-
Notifications
You must be signed in to change notification settings - Fork 4.1k
distsqlrun: lookup join still unboundedly buffers, but this time in a different way #39044
Description
#35950 fixed one kind of unbounded buffering in lookup join - the kind caused by the KV layer, when somebody asks for a span that has an unbounded number of keys inside, without a batch limit.
But this didn't remove the potential for the joinReader to buffer in an unbounded manner, unfortunately!
The proximal cause is that joinReader doesn't use memory monitored containers. This should be a simple fix, to use a memory monitored container instead of a regular slice. At the very least, we should account for the row copies we perform when buffering output rows.

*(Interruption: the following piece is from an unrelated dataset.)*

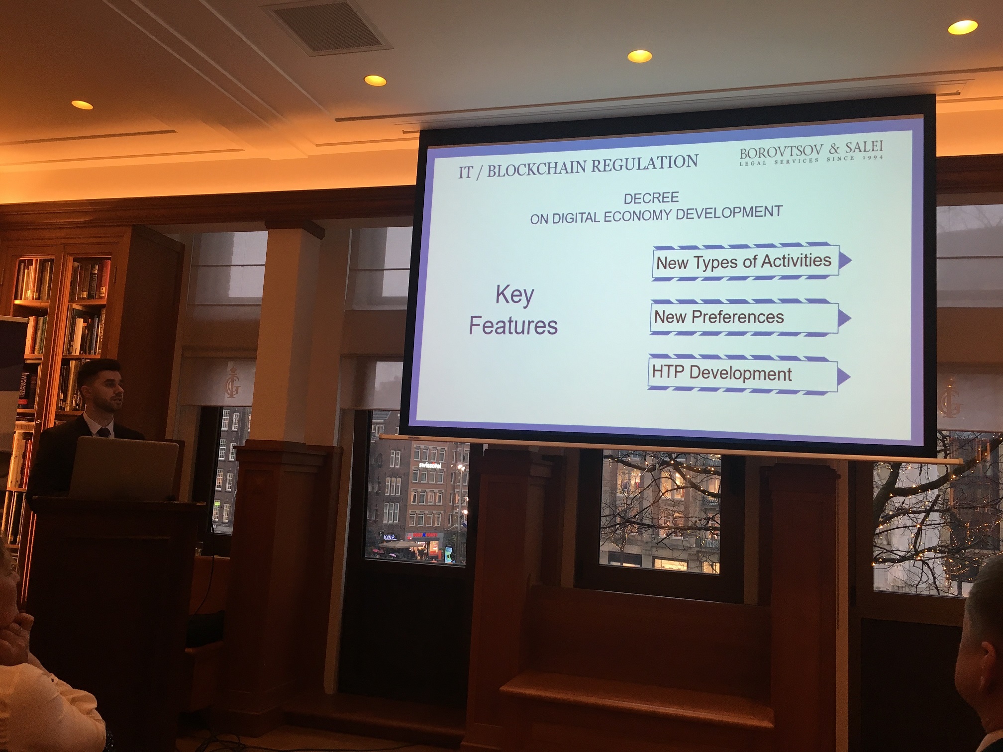 On 2 April 2019 Borovtsov & Salei represented by Senior Associates Nikolay Artemyev and Illia Salei and Junior Associate Saman Negaresh have presented Belarusian political and economic climate, legal framework and potential investment opportunities to Dutch business community. At time of presentation our lawyers provided an overview of such special legal and tax regimes available to investors in Belarus as High Tech Park and Great-Stone Industrial Park.

The root cause is that the algorithm that the joinReader uses to ensure that the output is ordered and that unmatched rows are accounted for (in the case of left outer and anti join) requires that all results for an input batch are present before emitting any results. This is problematic for an example where a left-side table has a single row that matches a billion rows on a right-side table - the algorithm won't emit anything until all billion rows are buffered!
I'm not sure if this algorithm can be modified to be streaming. It currently needs to see results for the whole batch because it can't guarantee that the results from the KV layer come in order, so it can't declare any of the input rows as "closed" at any point and let them get emitted. It's possible there's a way to work around this limitation, but it interacts in a funny way with the solution for #35950, which actually sorts all of the input row spans before sending them out, since KV requires it. This permitted limited KV batches, but it's painted us into a corner.
Imagine a scenario with two tables, a and b, where a contains the integers 0-100 and each value of a has 1 million rows in b. Then, feed a joinReader all of the rows in a in reversed sort order (starting 100, 99, 98...)! Now, we're beholden to output matches for 100 first, since it came first to the joinReader and we must output matches in order, but to output any matches for row 100 of a requires that all matches from 0-99 be buffered first, since we sorted the spans first and will therefore get matches from 0 first, then 1, then 2...
So this will require us to buffer 100 * 1 million rows into memory, kaboom.
I believe that a solution for this requires that we upgrade the batch limit capabilities for the KV layer to not require sorted input spans, but I'm open to other ideas.